Coca-Cola owns, among others, Powerade, Dasani, and Nestea, while Pepsi affiliated beverages include Gatorade, Tropicana, and Aquafina. These brands are sold in Coke-sponsored districts under contract along with the sodas themselves.

When a beverage company has exclusive distribution rights in a district, they serve in all vending machines, concession stands, maintenance and transportation facilities, administrative facilities, and any other facilities, as well as school cafeterias. Five of the six Johnson County districts are currently contracted by Coca-Cola, with Greenwood picking Pepsi.

Center Grove

This fall, Center Grove made the transition to Coca-Cola after a five-year contract with Pepsi expired. The district made the decision after Coca-Cola offered $98,919 over a five-year period, with Pepsi coming in second with an $88,680 offer for the same time period.

Of the annual money from Coca-Cola, how the money is distributed in the district is based on five-year averages. An expected $55,000 will come from marketing and the district will receive $3,000 in athletic supplies, $4,950 in free product, $20,169 in commissions, $12,800 in rebates, and $3,000 in other miscellaneous benefits.

With the contract comes Coke signage on concession stands and vending machines around the district, along with exclusive beverage rights. For Center Grove, incentives aside from money are mainly centered on sporting events. Coca-Cola promises to provide drinks, coolers, cup and towels for middle and high school sporting events.

Center Grove Spokeswoman Stacy Conrad said the money received through the contract, along with commissions and rebates, goes towards staff and student recognition, such as the Teacher of the Year awards, the Legacy Awards and retirement dinners.

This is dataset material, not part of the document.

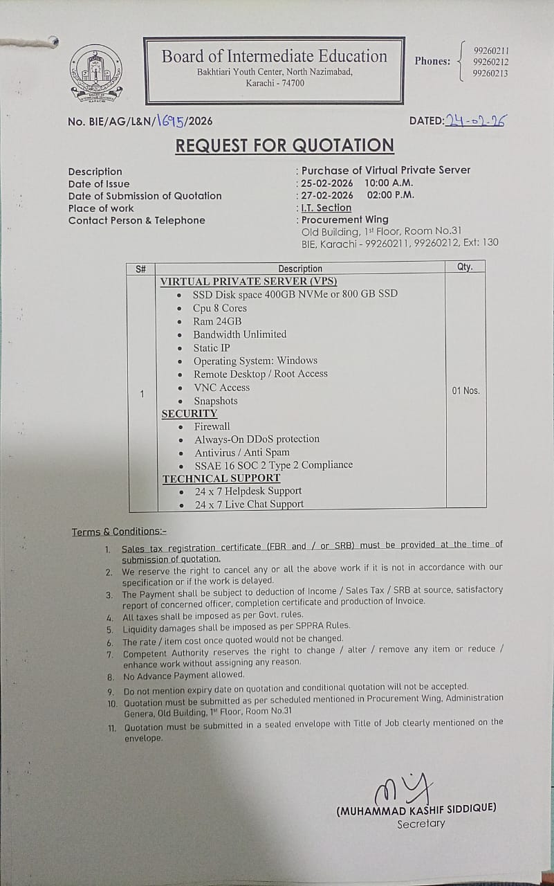 Request for Quotatioins for the purchase of Virtual Private Server ( 24-02-2026)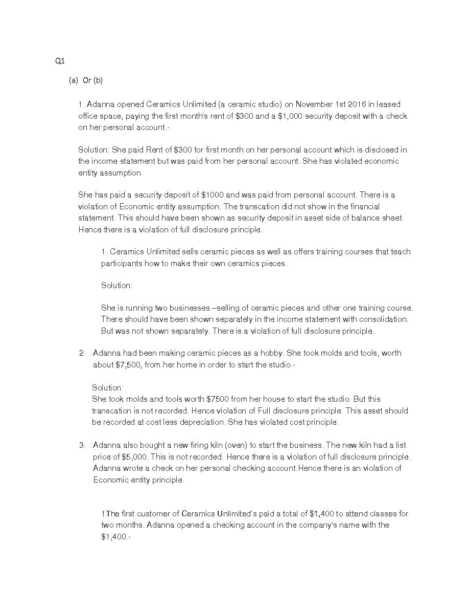 "Q1(a) Or (b)1. Adanna opened Ceramics Unlimited (a ceramic studio) on November 1st 2016 in leasedoffice space, paying the first month's rent of $300 and a $1,000 security deposit with a checkon her personal account.-Solution: She paid Rent of $3..

With the contract, Center-Grove is the biggest beneficiary in the county when it comes to money made off guaranteed funding from a beverage contract.

Clark-Pleasant

The Clark-Pleasant school district takes in $15,500 per year from Coke and is in the midst of a seven-year contract with the beverage giant. On top of the annual funding, the district also receives free product and sideline kits for sporting events. Typical sideline kits include bottles, cups, coolers, drink mix and towels. Coca-Cola estimated Clark-Pleasant would make $350,044 over the seven years off guaranteed funding, free product, rebates, and commissions. Out of that, $129,500 would be made off guaranteed funding, with another estimated $120,094 from commissions. Additionally, students at the district are eligible to apply for the Coca-Cola Scholars program.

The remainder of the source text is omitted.